In today’s class we’ll write scripts to begin to explore the desegregation datasets that we used in the homework assignment.
By then end of today’s class you’ll have your first analysis script.
Readings discussion
Research Journal discussion
Homework 1 overview and questions
File paths
Data exploration and processing with the tidyverse
Exporting data frames
Getting help
Assignment 2
- “What we choose to measure is a statement of what [who] we value”
Missing data
Minoritized
US Census race and ethnicity categories
The specification of the list of folders to get to a file on your computer is called a path.

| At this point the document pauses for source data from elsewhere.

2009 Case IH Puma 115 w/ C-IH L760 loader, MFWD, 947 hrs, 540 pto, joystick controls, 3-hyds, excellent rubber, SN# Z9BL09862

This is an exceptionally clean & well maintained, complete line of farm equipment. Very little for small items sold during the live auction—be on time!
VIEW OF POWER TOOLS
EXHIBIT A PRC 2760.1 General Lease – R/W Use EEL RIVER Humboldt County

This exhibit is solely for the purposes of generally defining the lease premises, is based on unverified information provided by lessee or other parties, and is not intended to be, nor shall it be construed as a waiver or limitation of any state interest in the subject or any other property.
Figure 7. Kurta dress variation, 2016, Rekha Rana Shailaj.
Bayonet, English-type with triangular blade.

Using relative paths makes it easier to avoid mistakes and to share your script with others. In this class, we will Create an R project for each class that defines the folder that your relative path starts with. For each class, there will be a folder to download with the data for the in-class exercises and homework. You should download it and put it in your methods1 folder so it looks something like this:
Starting with class2, we’ll all try to have the same file structure. Don’t worry if your class1 folder looks different.

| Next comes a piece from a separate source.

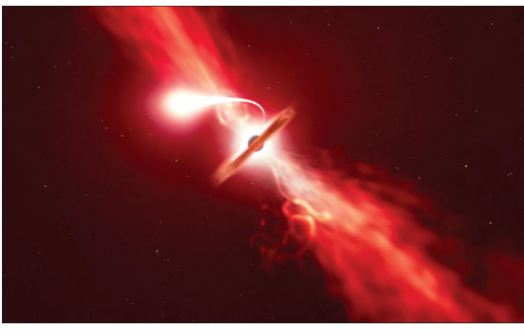
This handout picture released by The European southern Observatory on October 12, 2020, shows an illustration depicting a star (in the foreground) experiencing spaghettification as it's sucked in by a supermassive black hole (in the background) during a "tidal disruption event".

"When these forces exceed the star's cohesive force, the star loses pieces that rush into the black hole," Stephane Basa, a researcher from the Marseille

If you need to use an absolute path to import data, they look different depending on your operating system. See examples below of the absolute path to a csv in my main data folder:
file.path() function to convert the path to something that R can understand:
Download the class 2 folder and save them in your methods1 folder on your computer
Create new project from existing folder:
- methods1/class2
Create new R script File > R Script
Save it in class2 as new_york_student_poverty_2018.R
At the top of your script, write a comment describing the purpose of this file:
# Processing and exploring the 2018 student-age poverty data from SAIPE for New York
# source = https://www.census.gov/data/datasets/2019/demo/saipe/2019-school-districts.html
First load the tidyverse collection of packages to your environment
library(tidyverse)
## ── Attaching packages ─────────────────────────────────────── tidyverse 1.3.1 ──
## ✓ ggplot2 3.3.5 ✓ purrr 0.3.4
## ✓ tibble 3.1.4 ✓ dplyr 1.0.7
## ✓ tidyr 1.1.3 ✓ stringr 1.4.0
## ✓ readr 1.4.0 ✓ forcats 0.5.1
## ── Conflicts ────────────────────────────────────────── tidyverse_conflicts() ──
## x dplyr::filter() masks stats::filter()
## x dplyr::lag() masks stats::lag()
Things to notice:
- Notice the conflicts message that’s printed when you load the tidyverse. Those are just fine. It tells you that dplyr overwrites some functions in base R. If you want to use the base version of these functions after loading dplyr, you’ll need to use their full names: stats::filter() and stats::lag().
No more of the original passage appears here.